Increased susceptibility to drought and high temperatures
Very limited information is currently available on how Mn deficiency affects plant water relations. Although some authors reported lower transpiration rates in some plant species with visible symptoms of Mn deficiency (Singh, Misra and Srivastava 2001), other reports demonstrated that Mn deficiency leads to a marked increase in transpiration (Hebbern et al. 2009) (Fig. 3). Elevated transpiration and lower water use efficiency in Mn-starved plants can be related to more open stomata during the daytime and imperfect nocturnal closure of stomata. Ion leakage from guard cells observed in Mn-deficient leaves will inevitably lead to an imperfect stomatal closure during both night and daytime, resulting in poor water use efficiency (Hebbern et al. 2009). These evidences implied that drought will put additional stress on Mn-deficient plants that are already suffering from disturbances in key metabolic processes. Thus, drought and the poor water use efficiency will attenuate Mn deficiency because Mn-deficient plants exhibit a reduction in root/shoot ratio, which further restricts plants from exploring the soil for available water resources and for plant available Mn.
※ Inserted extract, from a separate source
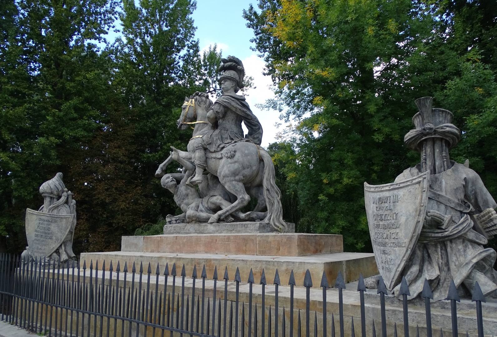 Monument stoi na moście na ulicy Arykola, który nazwano w związku z tym Mostem Sobieskiego. Pomnik ufundował król Stanisław August Poniatowski. Odsłonięto go w 1788 roku. Pomnik zaprojektował Andrzej Le Brun, a rzeźby wykonał Franciszek Pinck. Monument z szydłowieckiego piaskowca ma ok. 4 metrów wysokości. W środkowej części ukazany został zwycięski król na koniu, który tratuje pokonanych Turków. Po bokach znajdują się tarcze z inskrypcjami, wsparte na zdobycznej broni tureckiej.

In turn, water availability in the soil affects Mn uptake by plants (Maschner 1995). Under flooded conditions, soils show low redox potentials, thus Mn deficiency is virtually unknown in plants adapted to waterlogged conditions such as lowland rice. However, when common lowland-rice varieties are cultivated under non-flooded conditions, higher soil redox potential leads to strong reduction of plant Mn availability (Snyder, Jones and Coale 1990). It was shown that Mn uptake of lowland rice was affected by reduced soil water content under non-flooded conditions. In contrast, soil moisture had little effects on P, Fe, Zn, and Cu nutrition (Tao et al. 2007).